The C-terminal RS-like domain of CF Im68 interacts with SR proteins. HeLa or human embryonic kidney 293 cells were transfected with pCG constructs expressing hTra2{beta}, SRp20, or 9G8. Whole cell extracts were incubated with either GST or the indicated GST fusion proteins (GST-25, GST-68RS, GST-68RRM, and GST-U2AF65) as described under "Experimental Procedures." Bound proteins were separated by SDS-PAGE and analyzed by Western blotting with an anti-T7 tag monoclonal antibody.

 
CF Im Localizes in a Punctate Pattern in the Nucleus—Several studies have addressed the subcellular distribution of components of the 3'-end-processing machinery. CstF64 and CPSF100 were found concentrated in foci adjacent to Cajal bodies that were termed "cleavage bodies" to reflect their content of pre-mRNA cleavage factors (28). Different 3'-end formation factors can also accumulate at sites of transcription (29). Despite being a polyadenylation factor, PABPN1 appears to localize in nuclear speckles (30). Speckles (also known as "interchromatin granule clusters") are subnuclear structures that are believed to serve as storage sites for splicing factors, including SR proteins (for review see Ref. 31). The RS domain is a major determinant for the subcellular localization of SR proteins to speckles, and it can also function as a nuclear localization signal (22, 33).

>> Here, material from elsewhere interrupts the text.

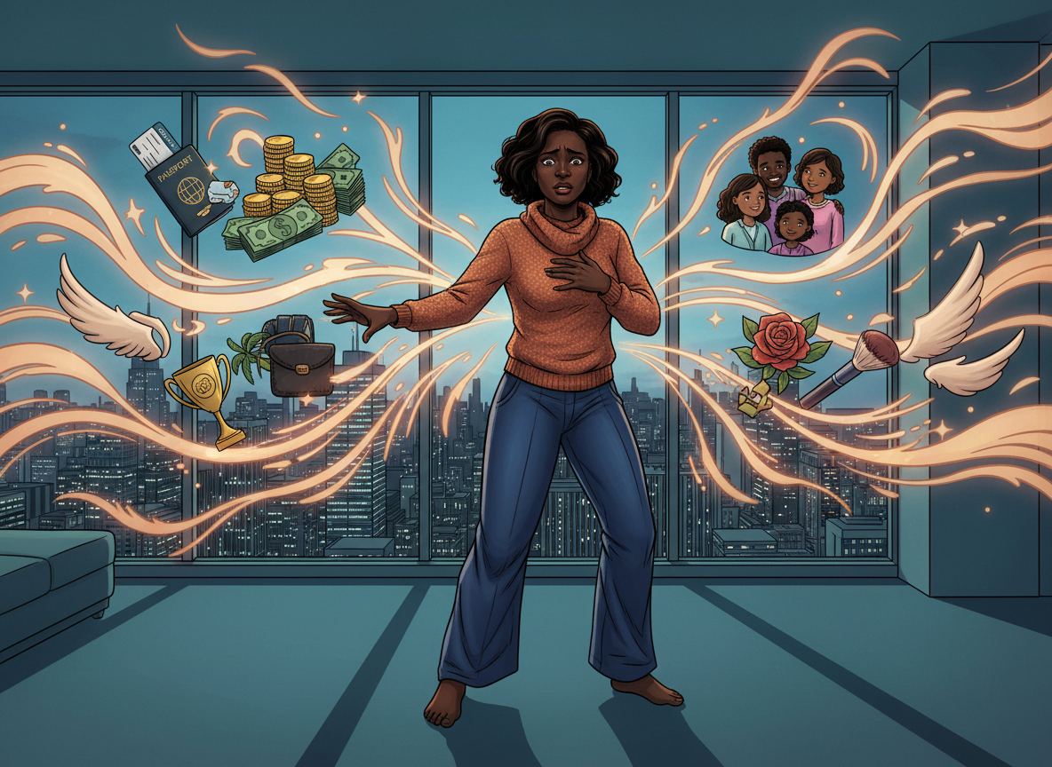 A Black woman with deep dark skin tone, wearing a cozy cowl neck sweater and comfortable pants, surrounded by symbols of 'having it all'—success, wealth, travel, family, love, career achievement, beauty, and freedom. ut her expression shows hesitation, fear, and internal conflict. She wants it but she's afraid of it. Her body language shows she's torn.

Because of the similarity of CF Im large subunits and SR proteins, we wanted to determine their subcellular localization. Immunofluorescence microscopy with polyclonal antisera raised against the 25- and the 68-kDa CF Im subunits (11) revealed that endogenous CF Im is localized in the nucleoplasm with the exclusion of the nucleoli, with a granular distribution, and with concentration in few discrete foci (Fig. 6, c and c'). To confirm the staining pattern observed with the antibodies, we transiently expressed both CF Im subunits fused to the GFP. A portion of the transfected cell population expressed the GFP fusion proteins at very high levels and showed aberrant localization patterns. Therefore, we selected cells that expressed low levels of the GFP fusion proteins. In these cells, indirect immunofluorescence showed that, 20–24 h after transfection, the transiently expressed GFP-68 and GFP-25 localized exclusively to the nucleus with a diffuse pattern and, in addition, within a few distinct foci, in agreement with the localization observed with the specific antibodies (Fig. 6, b and b'). To determine whether these foci corresponded to cleavage bodies, we performed double-labeling experiments with a monoclonal antibody that specifically recognizes the 100-kDa subunit of CPSF (3). However, Fig. 7A shows that the foci detected with anti-CF Im68 do not correspond to cleavage bodies visualized by anti-CPSF100. This unexpected result prompted us to assay markers for known subnuclear compartments to clarify the nature of the CF Im foci. We used antibodies specific for p80 coilin to detect Cajal bodies (34) and for SC-35 to detect splicing speckles (35, 36). However, GFP-68 was neither localized to Cajal bodies (Fig. 7B, panels a–a'') nor to speckles (Fig. 7B, panels b–b'') but was always localized in close proximity to both of them. The observation that GFP-68 foci were adjacent to speckles prompted us to colocalize GFP-68 and the recently identified PSP1 protein (17). This protein accumulates in punctate subnuclear structures that are frequently localized adjacent to SC35 speckles and, therefore, are termed paraspeckles. Fig. 7B (panels c–c'') shows that GFP-68 and PSP1, at least partially, colocalize in paraspeckles.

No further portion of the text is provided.